Metlock became a research assistant in Nolan’s lab, participating in studies such as the Black Impact Study and Uplift Her, even speaking about her research at conferences. After graduating in May, she headed to Baltimore, where she will be a PhD student at Johns Hopkins School of Nursing.

There, Metlock will continue down the path of the nurse scientist, further exploring how social determinants of health impact underserved populations.

“Dr. Nolan has been an incredible mentor,” Metlock says. “She’s opened my eyes to so many opportunities and challenged me to do things I never would have seen for myself.

“I fell in love with community-based research. It changed my entire life, my entire approach to how I wanted to go about health care.”

As a research assistant in Dr. Timiya Nolan’s lab, Faith Metlock was introduced to the role of nurse scientist to address health disparities. Using a community-based research approach, Nolan’s lab works directly in Columbus at events such as the Global Health and Wellness Event. These events include wellness screenings and health education as part of the research process. (Jodi Miller)

Black Health Explained

As the pandemic rolled on, Metlock challenged herself to find innovative ways to combat the sharp health disparities the nation was coming to grips with. The result was Black Health Explained, an online platform that delivers health-related information to young Black people through blogging, videos, infographics and other content on Instagram and her website.

“My hope was that by educating my community we could help them better manage their health,” Metlock says. “Social media is an avenue not often explored when it comes to health information. I wanted to be a trailblazer in that aspect and improve health literacy.”

Since Black Health Explained launched in 2020, Metlock has received “overwhelming support,” not only from followers but also from Ohio State. She’s received funding from the College of Nursing and was nominated as a Next Generation Innovator of the Year by the Office of Research.

She’s even brought on additional team members as interns, rising seniors Hayat Mekonen and Stephanie Ogonuwe, both public health majors focused on increasing health literacy to bring about health equity.

“Faith is so passionate about the health of the Black community and advancing health equity,” Mekonen says. “We really connect in that space; our passions are very similar.

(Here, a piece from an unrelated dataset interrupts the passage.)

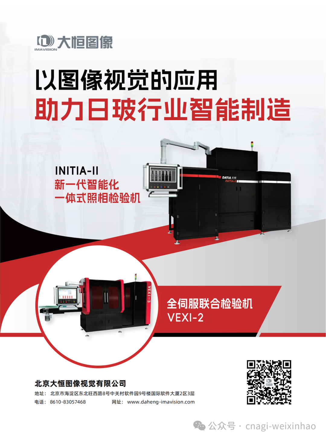 北京大恒图像视觉有限公司(简称“大恒图像”)成立于1991年,是A股上市公司”大恒科技“(600288)旗下核心资产,公司是中国最早成立的专注于视觉图像技术的企业之一,自成立之日起大恒图像一直坚持以技术开发为主的发展道路,建立了技工贸一体化的结构,连续多年被国家认定为高新技术企业。目前拥有校企共建的博士后流动站2个,各类专利279项;公司于2002年通过ISO9001:2000质量管理体系认证。 大恒图像玻璃瓶检测设备已成功应用于啤酒瓶、白酒瓶、输液瓶、食用瓶、化妆瓶等日用玻璃企业,最早并成熟将深度学习应用到日用玻璃行业。从2005年进入日用玻璃行业以来,已经超过1000余套设备服务于客户现场,市场占有率保持领先。大恒图像的玻璃瓶检测设备性能更符合中国客户的生产特点,目前已全面取代进口检测设备,成为国内日用玻璃行业客户的首选。同时大恒图像视觉产品还可应用于热端检测、碎玻璃色选、料滴形状、料滴温度检测等其他领域。

She has an amazing vision for this platform, so she’s a great leader all around.”

The team is creating a directory of Black health care providers. Metlock envisions it becoming a mobile app.

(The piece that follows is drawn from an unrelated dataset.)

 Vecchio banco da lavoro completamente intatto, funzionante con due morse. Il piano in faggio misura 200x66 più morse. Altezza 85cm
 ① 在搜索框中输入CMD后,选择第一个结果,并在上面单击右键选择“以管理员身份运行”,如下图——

Faith Metlock, center, started Black Health Explained – an online platform that delivers health-related information to young Black people – in 2020. Public health majors Hayat Mekonnen, left, and Stephanie Ogonuwe later joined as interns for BHE and have since joined as research assistants for Dr. Timiya Nolan’s lab. (Jodi Miller)

Mekonen and Ogonuwe also recently joined the Nolan Lab as research assistants. Ogonuwe says Metlock has turned out to be a major influence and support system for her.

“She’s taught me a lot about being a student leader,” Ogonuwe says. “She’s acted as a mentor to me, encouraging me, helping me learn how I can better promote myself. She really tries to build people up, give them confidence and remind them the power they have within themselves.”

Supporting her peers through a variety of leadership and involvement endeavors is exactly what Metlock will remember as her Ohio State legacy.

“I’ve been super involved here at Ohio State, often as a leader, and it’s really supplemented my experience here,” Metlock says. “I’ll definitely look back fondly on my efforts to create safe spaces (such as the Nursing Students of Color organization) for students.

“It’s difficult being from a marginalized community. Having a support system where you can connect and engage with students who go through similar experiences is vital for growth and success. To be able to help create those spaces and improve experiences for students of color here was worthwhile and meaningful.”